В минуту пророческой любви к Америке Уолт Уитмэн сказал: «Я слышу, как поет Америка!» — и я представляла себе мощную песню, которую слышал Уитмэн.
Прочтя это стихотворение, я имела видение — видение Америки, танцующей танец, который служил бы достойным выражением песни, услышанной Уитмэном. Музыка этого танца будет иметь ритм великий, как радость, как размах и очертания скалистых гор. Она не должна иметь ничего общего со сладострастным подъемом ритма джаза, она должна уподобиться вибрациям души Америки, стремящейся ввысь через труд к гармонической жизни. В нем не будет ни следа фокстрота и чарльстона.
Когда мои танцы называют греческими, это часто вызывает у меня улыбку, притом улыбку иронии, ибо я знаю, что они возникли из рассказов моей бабушки, которые мы слышали, о том, как они вместе с дедом в 1849 году в крытом фургоне пересекли равнины. Ей было 18, ему — 22 года. Она родила ребенка в этом крытом фургоне в тот день, когда происходила знаменитая битва с краснокожими, и бабушка рассказывала, как дед просунул голову в двери крытого фургона, когда наконец краснокожие были разбиты, и, держа дымящееся ружье в руке, приветствовал своего новорожденного ребенка.
Когда они добрались до Сан-Франциско, мой дед одним из первых выстроил деревянный дом. Помню, как будучи маленькой девочкой, я посещала этот дом, и моя бабушка, вспоминая об Ирландии, часто пела мне ирландские песни и танцевала ирландскую джигу. Но думается, что в ее ирландскую джигу успело проникнуть нечто от героического духа пионеров и от битвы с краснокожими — вероятно, даже некоторые из жестов краснокожих, а также чуточку Янки Дудля, т. е. той эпохи, когда дед, полковник Томас Грей, маршируя, вернулся с гражданской войны. Все это бабушка отражала в своей ирландской джиге, а от нее научилась тому же и я, вложив в танец мое собственное восприятие молодой Америки. Таково происхождение так называемого греческого танца, которым я заполнила весь мир.

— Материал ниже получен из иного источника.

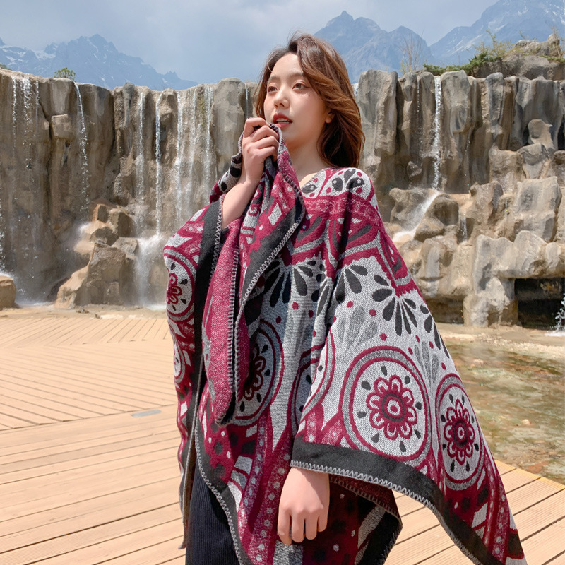 가을과 겨울 새로운면과 린넨 망토 따뜻한 목도리 야외 여행 Lijiang 사진 망토 두꺼운 따뜻한 빨강
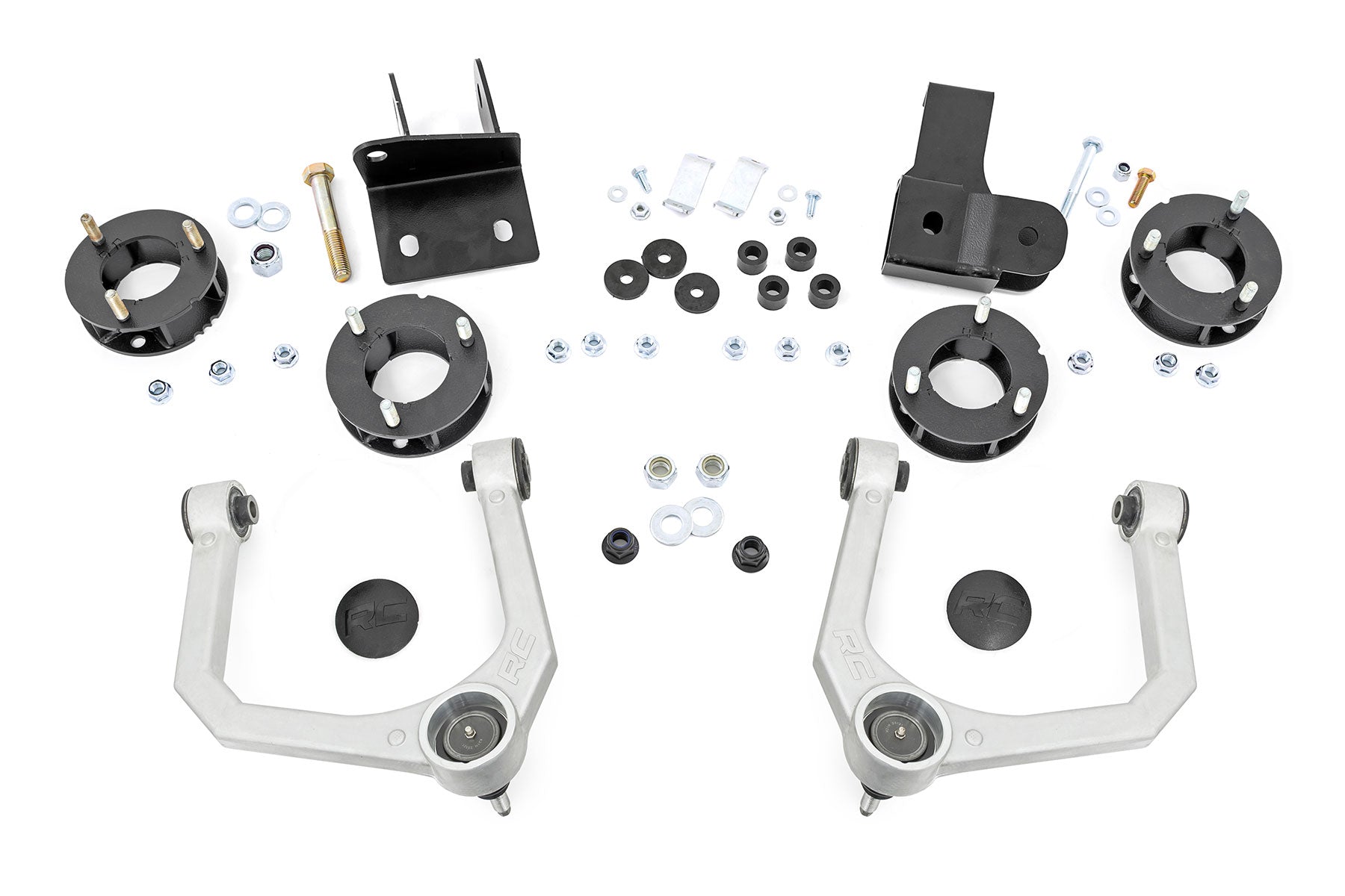 Upgraded Performance. Looking for a way to take your Sasquatch-equipped Bronco to new heights? Rough Country's 2.5 Inch Lift Kit is just what you need! This lift kit offers a clean, level look from front to rear and is designed to maintain ride quality, handling and performance while giving you room for larger tires. Adding even more durability, we include our quality upper strut spacers for uncompromised strength. Plus, this kit improves off-road capability without sacrificing the comfort and performance you've come to expect from your Bronco. Give your Bronco the lift it deserves with Rough Country's 2.5 Inch Lift Kit!Premium Construction. If you're looking for a quality 2.5-inch lift kit for your Ford Bronco, our 2.5 Inch Lift Kit is a perfect choice. Forged from high-quality, lightweight aluminum, our Upper Control Arms improve ball joint angle and correct suspension geometry. These arms are designed to promote optimum angles in the lifted position by keeping the ball joint at the proper angles. This design reduces stress, wear and tear on the ball joint while allowing for a greater range of motion. Plus, they're equipped with greaseable high-angle ball joints. So, whether you're hitting the trails or just cruising down the street, you can rest assured that your Bronco will be performing at its best.Easy Installation. Rough Country's 2.5 Lift Kit is easy to install and includes all necessary hardware, making it a great option for those who want to do the job themselves. With an estimated installation time of 3-5 hours, this kit is a bolt-on install that can be completed at home.Limited Lifetime Replacement Warranty. Rough Country's products are backed with a limited lifetime replacement warranty towards manufacturer defects. As such, the product is protected from structural and workmanship damage after the date of purchase. With our industry-leading warranty give yourself peace of mind when using Rough Country's products!

Это было начало, корень, а впоследствии, очутившись в Европе, я приобрела трех великих учителей, трех великих предвестников танца нашего века — Бетховена, Ницше, Рихарда Вагнера. Бетховен создал могучий ритм танца, Вагнер — скульптурную форму.
Глава тридцать первая
Так же, как у меня бывают дни, когда кажется, что жизнь являлась дивной, украшенной сверкающими драгоценностями легендой, цветущим полем, лучезарным утром, увенчивающим каждый час любовью и счастьем: дни, когда я не нахожу слов, чтобы выразить экстаз и радость жизни, и когда идея моей школы кажется мне лучом гения, — так же бывают иные дни, когда, вспоминая свою жизнь, я чувствую в себе великое отвращение и полную опустошенность. Прошлое кажется лишь рядом катастроф, будущее — тяжкой невзгодой, а моя школа — галлюцинацией, порожденной мозгом лунатика.